Cutaan maligne melanoom

Het ontstaat in de melanocyten, de cellen die melanine produceren, het pigment dat de huid kleurt en beschermt tegen UV-stralen. Het komt voor 90% voor op de huid, hoewel het ook in de ogen of, in zeldzame gevallen, in het lichaam kan voorkomen. Het maakt slechts 1% van de huidkankers uit, en hoewel het wordt geassocieerd met de slechtste prognose, is de kans op genezing groot als het in een vroeg stadium wordt ontdekt.

Huidcellen ontwikkelen zich op een gecontroleerde en ordelijke manier.
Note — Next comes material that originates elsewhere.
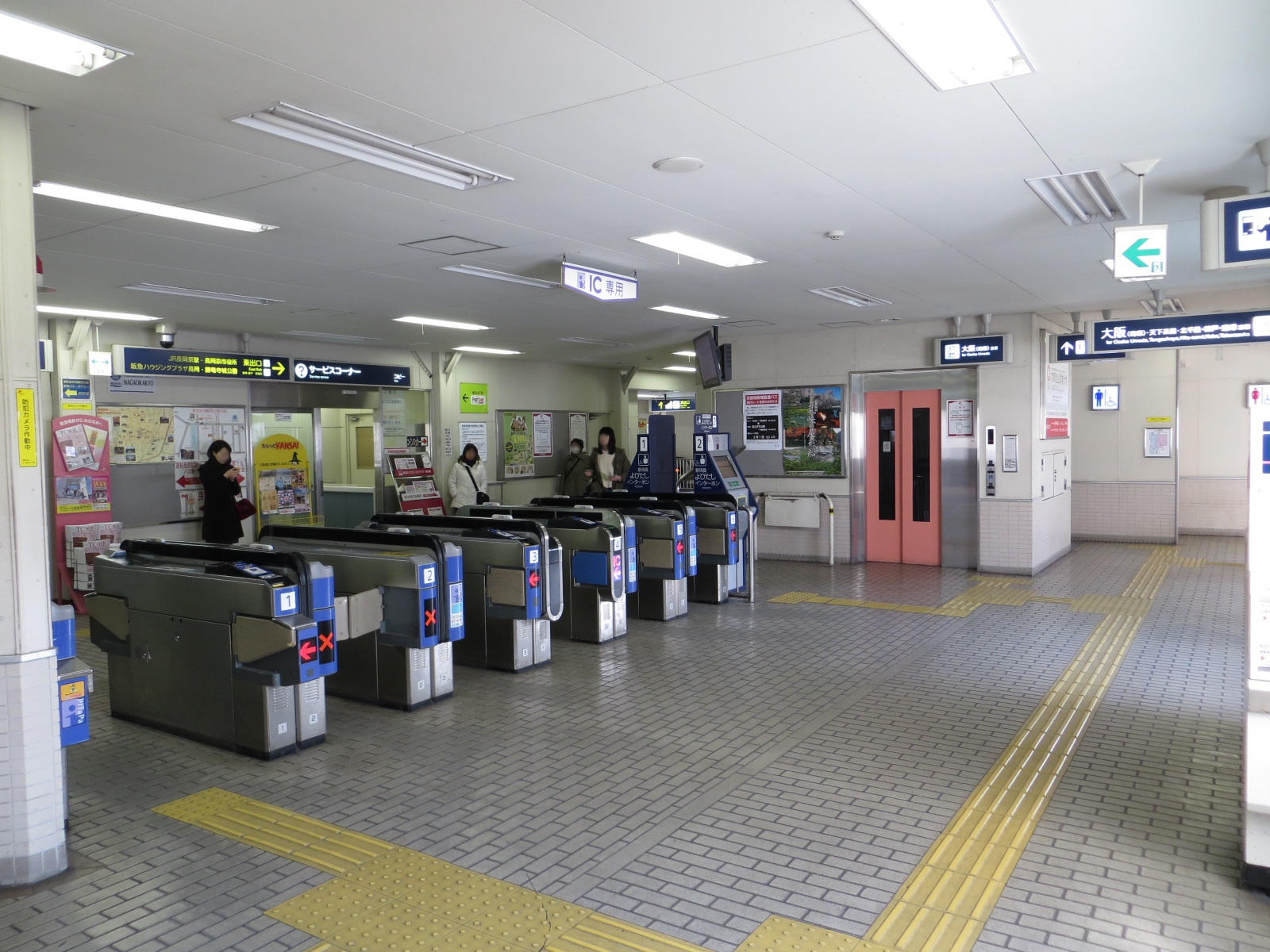 Ticket barrier from Nagaoka-tenjin Station (HK77).

De nieuwe cellen duwen de oude naar het huidoppervlak waar ze afsterven en uit het lichaam worden verwijderd. Wanneer sommige cellen DNA-beschadigingen oplopen, kan een ongecontroleerde groei van nieuwe cellen op gang worden gebracht, wat resulteert in deze huidkanker.

In de meeste gevallen worden de genetische veranderingen die met melanoom in verband worden gebracht, tijdens het leven verworven en niet doorgegeven (niet geërfd). In sommige gevallen treden ze willekeurig op in een cel, zonder duidelijke oorzaak, en in andere gevallen treden ze waarschijnlijk op als gevolg van een externe oorzaak. Het is daarom waarschijnlijk dat een combinatie van milieu- en genetische factoren tot de ontwikkeling van melanoom leidt.

Ultraviolette (UV) stralen, vooral van het type B maar ook van het type A, zijn een belangrijke oorzaak van melanoom omdat zij het DNA van huidcellen kunnen beschadigen. UV-licht veroorzaakt echter niet alle melanomen, vooral niet die welke voorkomen op delen van het lichaam die niet aan zonlicht zijn blootgesteld, zodat andere factoren het risico op melanoom kunnen beïnvloeden.

De volgende factoren kunnen het risico van een persoon op het ontwikkelen van melanoom verhogen:

  • Blootstelling aan de zon: mensen die op grote hoogte wonen of in gebieden met het hele jaar door intens zonlicht lopen een verhoogd risico, evenals mensen die 's middags lange perioden buiten verblijven.
  • Binnen zonnebaden in zonnebanken, zonnestudio's of zonnebanken. Het gebruik hiervan wordt sterk ontmoedigd.
  • Moedervlekken: mensen met veel moedervlekken of ongewone, grote moedervlekken met een onregelmatige vorm en kleur (dysplastische nevi of atypische moedervlekken) lopen een verhoogd risico.
  • Een lichte huid: mensen met een lichte teint, blond of gekleurd haar, blauwe ogen en sproeten hebben een hoger risico op het ontwikkelen van melanoom. Dit risico is ook hoger bij mensen die de neiging hebben hun huid te verbranden in plaats van te bruinen.
  • Eerdere huidkanker. Mensen die al eerder melanoom of basaalcel- of plaveiselcelhuidkanker hebben gehad, hebben een hoger risico op het ontwikkelen van melanoom.
  • Ethniciteit: Hoewel het zich bij personen van elke etniciteit kan ontwikkelen, lopen mensen van Kaukasische afkomst 20 keer meer risico dan mensen van Afrikaanse afkomst.
  • Leeftijd: de ziekte komt vaker voor bij jonge volwassenen dan bij veel andere vormen van kanker. De mediane leeftijd van diagnose ligt rond de 50 jaar.
  • Verzwakt immuunsysteem: Zowel ziekte als immunosuppressieve behandelingen verhogen het risico op het ontwikkelen van huidkanker, waaronder melanoom.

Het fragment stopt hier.